While Zelda's narration may not be based on historical fact, the overarching story that Z: The Beginning of Everything tells is mostly true. As seen in the first episode of the Amazon series, Zelda Sayre was brought up in a middle-class family in Montgomery, Alabama, and was the daughter of a prominent judge. According to the Encyclopedia of Alabama, she was a socialite and known for her ballet dancing before she knew F. Scott. And like the pilot episode portrays, the couple did meet at a country club dance in 1918 when the aspiring author F. Scott was stationed at a nearby army base.
Season 1 of Z: The Beginning of Everything will premiere in its entirety on Jan. 27 and as the first season unfolds, it will follow Zelda and F. Scott as they become celebrities together in the 1920s flapper era. Although their fame occurred because of F. Scott's writing, Zelda was an integral part to his success as she inspired the characters in his works. Like the below trailer shows, F. Scott even used Zelda's words for his books at times, a fact some biographies have corroborated.
Although they were passionately in love, their relationship was also very troubled, thanks in large part to heavy drinking and Zelda's struggles with mental health. All of this drama will be covered by Z: The Beginning of Everything.

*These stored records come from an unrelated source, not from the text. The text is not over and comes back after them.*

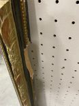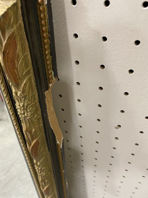 Black and Gold Framed Mirror, beveled, frame is chip on side, 41"h., 29"w. Black and Gold Framed Mirror, beveled, frame is chip on side, 41"h., 29"w.
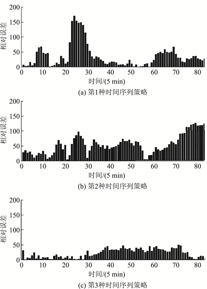 模型不同时间序列预测结果相对误差如图 6所示,其中第1种策略相对误差在采样点20~30时间段内误差较大,而在40~60之间较小,造成相对误差较大的原因主要是训练样本集在20~30时间段内交通流量不稳定;第2种策略总体相对误差都较大,原因主要为每天交通流量存在一定差异,训练得到的参数不适合后一天交通流量的预测;第3种策略在0~30时间段内相对误差较小,预测精度较高,在35~70时间段内相对误差较大,其中在40~60之间相对误差大于第1种模型,但总体预测精度优于其他两种,原因在于当天半小时内交通流量变化较小,能够较好地训练而得到预测参数。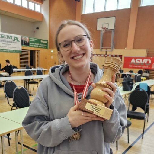 MU10: Ein hervorragendes Ergebnis erzielen die Mädchen in der U10-Kategorie. Leefke Giselbrecht vom Sk Bregenz holt sich die Silbermedaille und ihre Klubkollegin Turdiyeva Maryam landet direkt hinter ihr auf Rang 3. Leefke war bis zur letzten Runde souverän in Führung gelegen. Mit ihrer einzigen Niederlage in diesem Turnier, in der letzten Runde, konnte die Steirerin Röhrer Sonja aufgrund der besseren Feinwertung noch an ihr vorbeiziehen.

Yet, if the series sticks to its source material, there may be some fabricated moments on the show. For example, Anne Margaret Daniel, professor of literature at The New School and Fitzgerald scholar, took issue with Fowler's book in an essay for Huffington Post. She noted that Fowler had stated that she attempted to "adhere as much as possible to the established particulars" of the Fitzgeralds' history, but Daniel thought Z: A Novel of Zelda Fitzgerald would have been "far better served by flat-out calling itself fiction."
One part of the book that particularly irked Daniel was the way Fowler represented the relationship between the Fitzgeralds and Ernest Hemingway. While Season 1 of Z: The Beginning of Everything does not cover this territory, Fowler herself admitted to NPR that she made an "executive decision" in explaining why Hemingway came to detest Zelda, which could potentially play out on future seasons of the Amazon series.

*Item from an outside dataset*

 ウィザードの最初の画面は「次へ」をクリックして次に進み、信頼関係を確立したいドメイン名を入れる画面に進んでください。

While the creative liberties taken by Z: The Beginning of Everything probably won't bother casual fans of the Fitzgeralds, people who have studied their history could be annoyed by the fictionalized parts of Zelda and F. Scott's story. If you are a stickler for the rules, then you may want to embark on Nancy Milford's 1970 biography about Zelda, which The New York Times called "excellent and exhaustive." Or, if you really want a story in Zelda's own words, read the only book she ever published — the semiautobiographical Save Me the Waltz. However, if you are intrigued by Zelda Fitzgerald no matter what and would consume anything about her, you'll probably be satisfied with the generally accurate depiction of Zelda in Z: The Beginning of Everything.